Sheryl Sandberg’s moving tribute to the husband who died: ‘Dave was my rock’

Sheryl Sandberg, the chief operating officer at Facebook, has used the social networking site to pay a moving tribute to her husband David Goldberg who died in an accident last week.

On the day of an emotional memorial service, attended by hundreds of Silicon Valley’s most prominent executives, Sandberg posted a striking eulogy in which she said: “Dave was my rock.”

“We had 11 truly joyful years of the deepest love, happiest marriage, and truest partnership that I could imagine.”

Her post came after the service at Stanford University’s Memorial Auditorium for Goldberg, who died last Friday while on a family vacation at a villa near Puerto Vallarta, Mexico.

The 47-year-old, who was CEO of SurveyMonkey, a commercial service for conducting online polls, slipped while exercising on a treadmill in the villa’s gym and struck his head officials have said.

President Barack Obama extended his sympathies to Sandberg and in a signed post on the White House Facebook page said: “His (Goldberg’s) skills as an entrepreneur created opportunity for many; his love for his family was a joy to behold, and his example as a husband and father was something we could all learn from.”

The message drew online thanks from Sandberg, who described her relationship with Goldberg as a supportive, equal partnership in her 2013 book “Lean In” about the challenges faced by women in the workplace.

Later she posted her tribute on her Facebook page.

I want to thank all of our friends and family for the outpouring of love over the past few days. It has been extraordinary – and each story you have shared will help keep Dave alive in our hearts and memories.

I met Dave nearly 20 years ago when I first moved to LA. He became my best friend. He showed me the internet for the first time, planned fun outings, took me to temple for the Jewish holidays, introduced me to much cooler music than I had ever heard.

We had 11 truly joyful years of the deepest love, happiest marriage, and truest partnership that I could imagine … He gave me the experience of being deeply understood, truly supported and completely and utterly loved – and I will carry that with me always. Most importantly, he gave me the two most amazing children in the world.

Dave was my rock. When I got upset, he stayed calm. When I was worried, he said it would be ok. When I wasn’t sure what to do, he figured it out. He was completely dedicated to his children in every way – and their strength these past few days is the best sign I could have that Dave is still here with us in spirit.

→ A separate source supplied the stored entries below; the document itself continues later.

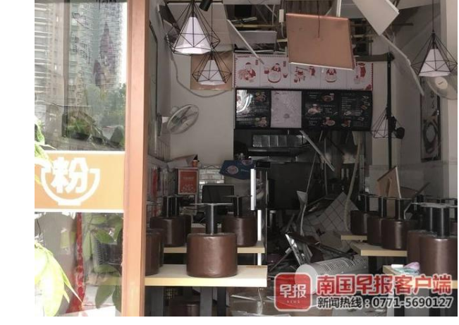 當(dāng)天上午9時許,記者在現(xiàn)場看到,出事的粉店位于小區(qū)沿街商鋪,鋪面前已拉起了警戒線?,F(xiàn)場沒有明火,店內(nèi)多處玻璃被震碎,一片狼藉。事發(fā)粉店旁邊的其他店鋪并未受影響,正常營業(yè)。
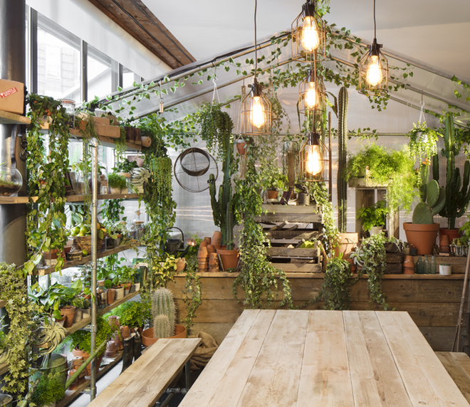 Para dar vida à Pantone 15-0343 Greenery, a cor do ano 2017 da Pantone, esta casa em Clerkenwell, Londres, foi submetida a uma metamorfose, e agora é um oásis verde londrino. O intuito deste espaço é que as pessoas possam realmente viver a cor, e desfrutar dela – seja na sala de jantar como no jardim. Em linha com o crescimento e vitalidade do início de mais um ano, este paraíso mágico é composto por um bosque como receção, uma estufa interior que se desdobra numa sala de jantar, um quarto com um jardim de relva aparada, arbustos ornamentais e plantas soporíferas, um esconderijo em forma de tenda para as crianças dormirem e uma cozinha de jardim de ervas aromáticas.
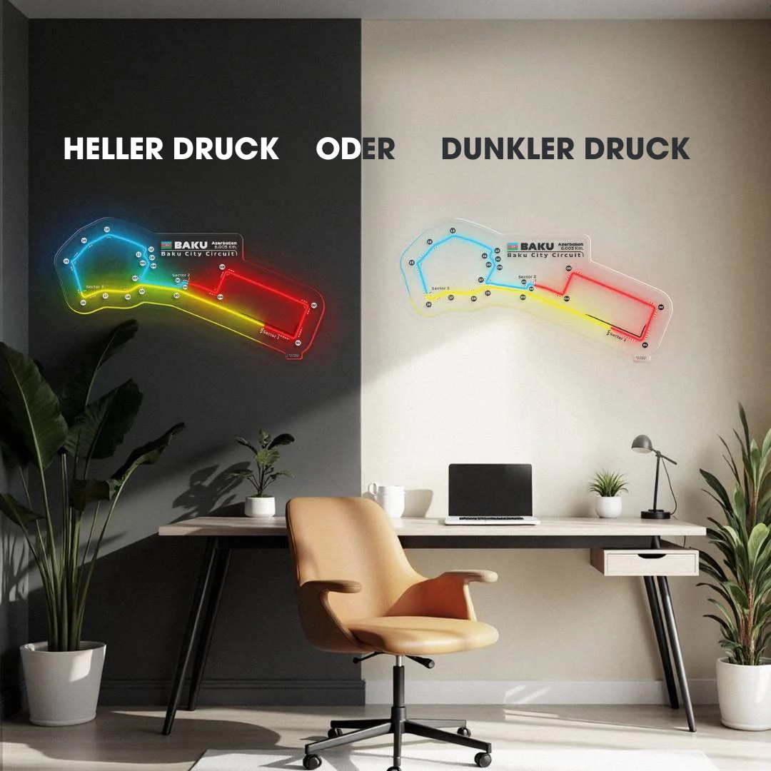 Dieses Baku City Circuit Neon-Rennstrecke bringt jeden Raum zum Leuchten. Jede Rennstrecke ist in drei typischen Farben der Formel 1 gehalten und zeigt den Namen der Rennstrecke sowie die Länge und das Land, in dem sie sich befindet. Es ist eine perfekte Möglichkeit, etwas Farbe ins Spiel zu bringen, das Gesamtbild aufzuwerten und die Aufmerksamkeit aller auf sich zu ziehen, egal, ob Rennsportfan oder nicht.
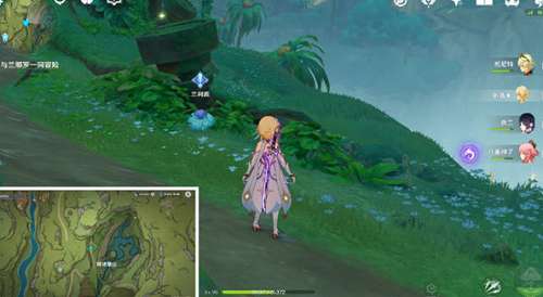 进入非拉洞,草元素射击众叶觉蕊开启穿梭,看见水中央有仙灵,跟随,发现放水机关下方有另一个仙灵,均跟随,注意在弹弹菇弹性不足时使用雷元素激化。

Dave and I did not get nearly enough time together. But as heartbroken as I am today, I am equally grateful. Even in these last few days of completely unexpected hell – the darkest and saddest moments of my life – I know how lucky I have been. If the day I walked down that aisle with Dave someone had told me that this would happen – that he would be taken from us all in just 11 years – I would still have walked down that aisle. Because 11 years of being Dave Goldberg’s wife, and 10 years of being a parent with him is perhaps more luck and more happiness than I could have ever imagined. I am grateful for every minute we had.

As we put the love of my life to rest today, we buried only his body. His spirit, his soul, his amazing ability to give is still with it. It lives on in the stories people are sharing of how he touched their lives, in the love that is visible in the eyes of our family and friends, in the spirit and resilience of our children. Things will never be the same – but the world is better for the years my beloved husband lived.

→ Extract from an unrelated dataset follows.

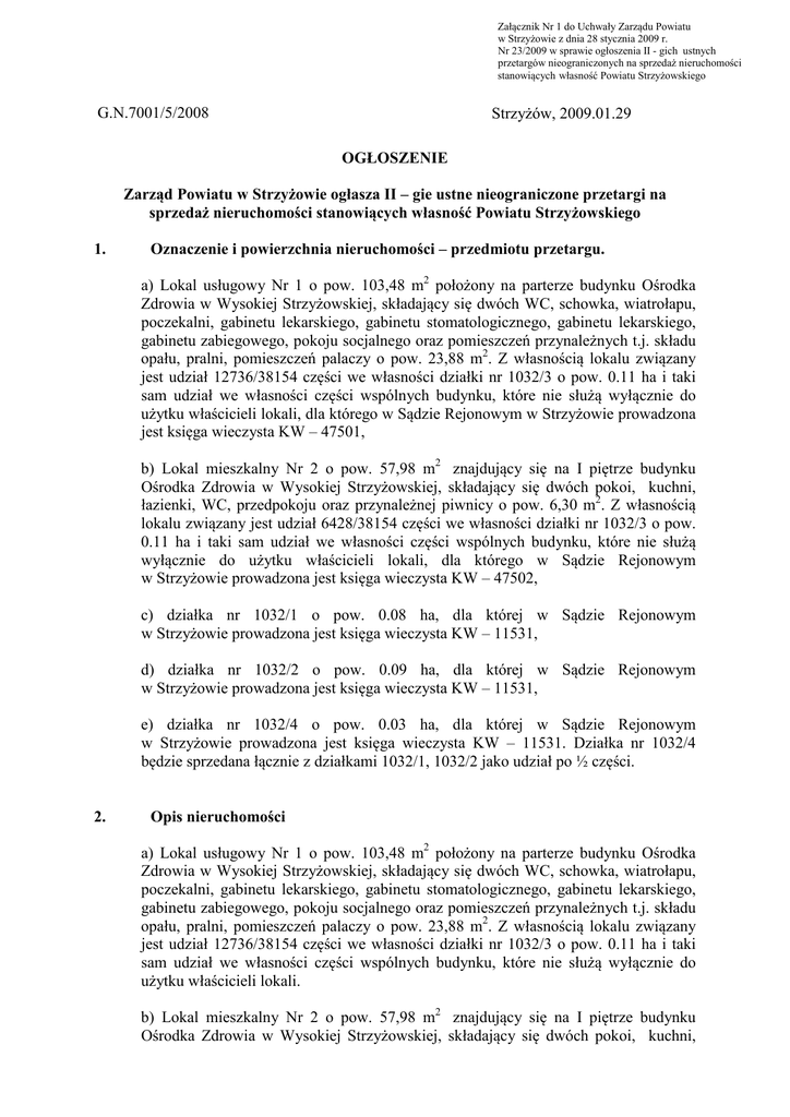 Załącznik Nr 1 do Uchwały Zarządu Powiatu w Strzyżowie z dnia 28 stycznia 2009 r. Nr 23/2009 w sprawie ogłoszenia II - gich ustnych przetargów nieograniczonych na sprzedaż nieruchomości stanowiących własność Powiatu Strzyżowskiego G.N.7001/5/2008 Strzyżów, 2009.01.29 OGŁOSZENIE Zarząd Powiatu w Strzyżowie ogłasza II – gie ustne nieograniczone przetargi na sprzedaż nieruchomości stanowiących własność Powiatu Strzyżowskiego 1. Oznaczenie i powierzchnia nieruchomości – przedmiotu przetargu. a) Lokal usługowy Nr 1 o pow. 103,48 m2 położony na parterze budynku Ośrodka Zdrowia w Wysokiej Strzyżowskiej, składający się dwóch WC, schowka, wiatrołapu, poczekalni, gabinetu lekarskiego, gabinetu stomatologicznego, gabinetu lekarskiego, gabinetu zabiegowego, pokoju socjalnego oraz pomieszczeń przynależnych t.j. składu opału, pralni, pomieszczeń palaczy o pow. 23,88 m2. Z własnością lokalu związany jest udział 12736/38154 części we własności działki nr 1032/3 o pow. 0.11 ha i taki sam udział we własności części wspólnych budynku, które nie służą wyłącznie do użytku właścicieli lokali, dla którego w Sądzie Rejonowym w Strzyżowie prowadzona jest księga wieczysta KW – 47501, b) Lokal mieszkalny Nr 2 o pow. 57,98 m2 znajdujący się na I piętrze budynku Ośrodka Zdrowia w Wysokiej Strzyżowskiej, składający się dwóch pokoi, kuchni, łazienki, WC, przedpokoju oraz przynależnej piwnicy o pow. 6,30 m2. Z własnością lokalu związany jest udział 6428/38154 części we własności działki nr 1032/3 o pow. 0.11 ha i taki sam udział we własności części wspólnych budynku, które nie służą wyłącznie do użytku właścicieli lokali, dla którego w Sądzie Rejonowym w Strzyżowie prowadzona jest księga wieczysta KW – 47502, c) działka nr 1032/1 o pow. 0.08 ha, dla której w Sądzie Rejonowym w Strzyżowie prowadzona jest księga wieczysta KW – 11531, d) działka nr 1032/2 o pow. 0.09 ha, dla której w Sądzie Rejonowym w Strzyżowie prowadzona jest księga wieczysta KW – 11531, e) działka nr 1032/4 o pow. 0.03 ha, dla której w Sądzie Rejonowym w Strzyżowie prowadzona jest księga wieczysta KW – 11531. Działka nr 1032/4 będzie sprzedana łącznie z działkami 1032/1, 1032/2 jako udział po ½ części. 2. Opis nieruchomości a) Lokal usługowy Nr 1 o pow. 103,48 m2 położony na parterze budynku Ośrodka Zdrowia w Wysokiej Strzyżowskiej, składający się dwóch WC, schowka, wiatrołapu, poczekalni, gabinetu lekarskiego, gabinetu stomatologicznego, gabinetu lekarskiego, gabinetu zabiegowego, pokoju socjalnego oraz pomieszczeń przynależnych t.j. składu opału, pralni, pomieszczeń palaczy o pow. 23,88 m2. Z własnością lokalu związany jest udział 12736/38154 części we własności działki nr 1032/3 o pow. 0.11 ha i taki sam udział we własności części wspólnych budynku, które nie służą wyłącznie do użytku właścicieli lokali. b) Lokal mieszkalny Nr 2 o pow. 57,98 m2 znajdujący się na I piętrze budynku Ośrodka Zdrowia w Wysokiej Strzyżowskiej, składający się dwóch pokoi, kuchni, 2 łazienki, WC, przedpokoju oraz przynależnej piwnicy o pow. 6,30 m2. Z własnością lokalu związany jest udział 6428/38154 części we własności działki nr 1032/3 o pow. 0.11 ha i taki sam udział we własności części wspólnych budynku, które nie służą wyłącznie do użytku właścicieli lokali. c) działka nr 1032/1 o pow. 0.08 ha, niezabudowana położona przy Ośrodku Zdrowia w Wysokiej Strzyżowskiej w niedalekim sąsiedztwie głównej drogi oraz kościoła, sklepu i przystanku PKS. d) działka nr 1032/2 o pow. 0.09 ha, niezabudowana położona przy Ośrodku Zdrowia w Wysokiej Strzyżowskiej w niedalekim sąsiedztwie głównej drogi oraz kościoła, sklepu i przystanku PKS. e) działka nr 1032/4 o pow. 0.03 ha, dla której w Sądzie Rejonowym w Strzyżowie prowadzona jest księga wieczysta KW – 11531. Działka nr 1032/4 będzie sprzedana łącznie z działkami 1032/1, 1032/2 jako udział po ½ części i stanowić będzie dojazd do tych działek. Termin do złożenia wniosku przez osoby, którym przysługiwało pierwszeństwo w nabyciu nieruchomości na podstawie art. 34 ust. 1 pkt 1 i 2 ustawy z dnia 21 sierpnia 1997 r. o gospodarce nieruchomościami upłynął w dniu 24 października 2008 r. 3. Przeznaczenie nieruchomości i sposób jej zagospodarowania. Dla w/w. nieruchomości brak obowiązującego planu zagospodarowania przestrzennego. W studium uwarunkowań i kierunków zagospodarowania przestrzennego gminy Strzyżów, działki nr 1032/1, 1032/2, 1032/3, 1032/4 leżą w obszarze inwestycji publicznych. 4. Cena wywoławcza nieruchomości. a) cena wywoławcza dla lokalu usługowego Nr 1 wynosi 62.000,00 zł ( słownie: sześćdziesiąt dwa tysiące złotych), b) cena wywoławcza dla lokalu mieszkalnego Nr 2 wynosi 40.000,00 zł ( słownie: czterdzieści tysięcy złotych), c) cena wywoławcza dla działki nr 1032/1 wynosi 10.000,00 zł (słownie: dziesięć tysięcy złotych ). Sprzedaż działki nr 1032/1 wraz z udziałem ½ części działki nr 1032/4. Do wylicytowanej ceny zostanie doliczony podatek VAT. d) cena wywoławcza dla działki nr 1032/2 wynosi 11.000,00 zł (słownie: jedenaście tysięcy złotych ). Sprzedaż działki nr 1032/2 wraz z udziałem ½ części działki nr 1032/4. Do wylicytowanej ceny zostanie doliczony podatek VAT. Sprzedaż odnośnie lokalu usługowego i lokali mieszkalnych zwolniona z podatku VAT na podstawie art. 43 ust. 1 pkt 2 ustawy z dnia 11 marca 2004 r. o podatku od towarów i usług (Dz. U. z 2004 r. Nr 54, poz. 535 z późn. zm. ). 5. Obciążenia nieruchomości Część lokalu usługowego Nr 1 obciążona jest umowami najmu na czas oznaczony odpowiednio: 3 - pow. 68,46 m2 czas oznaczony od dnia 01.01.2009 r. do 31.12.2011 r., - pow. 19,17 m2 czas oznaczony od dnia 01.01.2009 r. do 31.12.2011 r. Ponadto część lokalu usługowego Nr 1

Among those at Tuesday’s memorial in the heart of Silicon Valley were Hewlett-Packard’s chief executive, Meg Whitman, LinkedIn’s CEO, Jeff Weiner, prominent tech investor Reid Hoffman, along with Yelp chief executive, Jeremy Stoppelman, and PayPal co-founder Max Levchin.

U2 vocalist Bono sang before an audience that included Facebook’s Mark Zuckerberg, film director George Lucas and a host of tech company founders, executives and financiers.

Afterward, mourners emerged teary-eyed from Stanford University’s Memorial Auditorium, many wearing Minnesota Vikings paraphernalia to commemorate the NFL team loved by Goldberg, a Minneapolis native.